Immediately reporting it to the Wuhan Centre for Disease Control and Prevention. Two days before the banquet, six days before the city was quarantined, the Wuhan Municipal Health Commission reporting to the mayor, stated that on January 15 the virus may have been spread by human contact. Between January 2 and 16 there was no official count of cases, coinciding with the two-week period when Wuhan residents in their millions began returning home in a yearly Chinese new year pilgrimage.
During that period of no news of new cases, new cases were surging. The Chinese news website Caixin quoted a Wuhan radiologist at a public hospital as saying he had identified 50 new cases on January 15 alone. While the official Xinhua news agency ran a story on a doctor who had fallen ill with the virus on January 11. That doctor, whose discussions with colleagues featured his concerns over the appearance of the new virus, to alert them, was warned by government agents to stop spreading 'false rumours'. He died of the virus a day ago.

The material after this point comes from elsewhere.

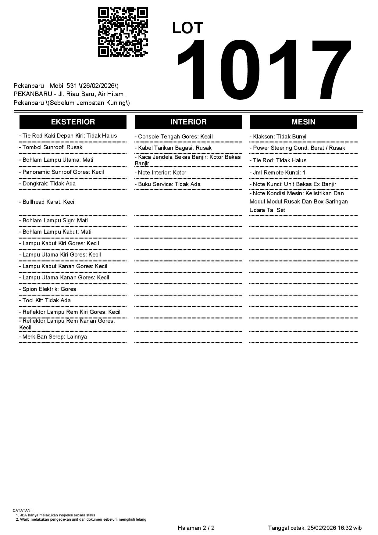 2. Peserta lelang wajib cek unit & dokumen

And then there is the role of the World Health Organization. "The WHO is so much in thrall to China's influence, they have felt compelled to stay close to China's line on this crisis", confided one UN diplomat. "China wanted to downplay this virus and the WHO felt it had to fall into line, at least until its position became untenable." And that's about where the situation in China is right now.
According to Gabriel Leung, dean of the University of Hong Kong's medical school, in Wuhan, as of January 31, about 75,800 people in Wuhan alone may have been infected, as opposed to the official number of confirmed cases in all of China, of 11,791 on the same day. Today, in one day in China, 86 people died of the coronavirus effects. The total contamination in China officially stands at 34,878, with 6,106 in severe condition, and a total to date of 724 deaths.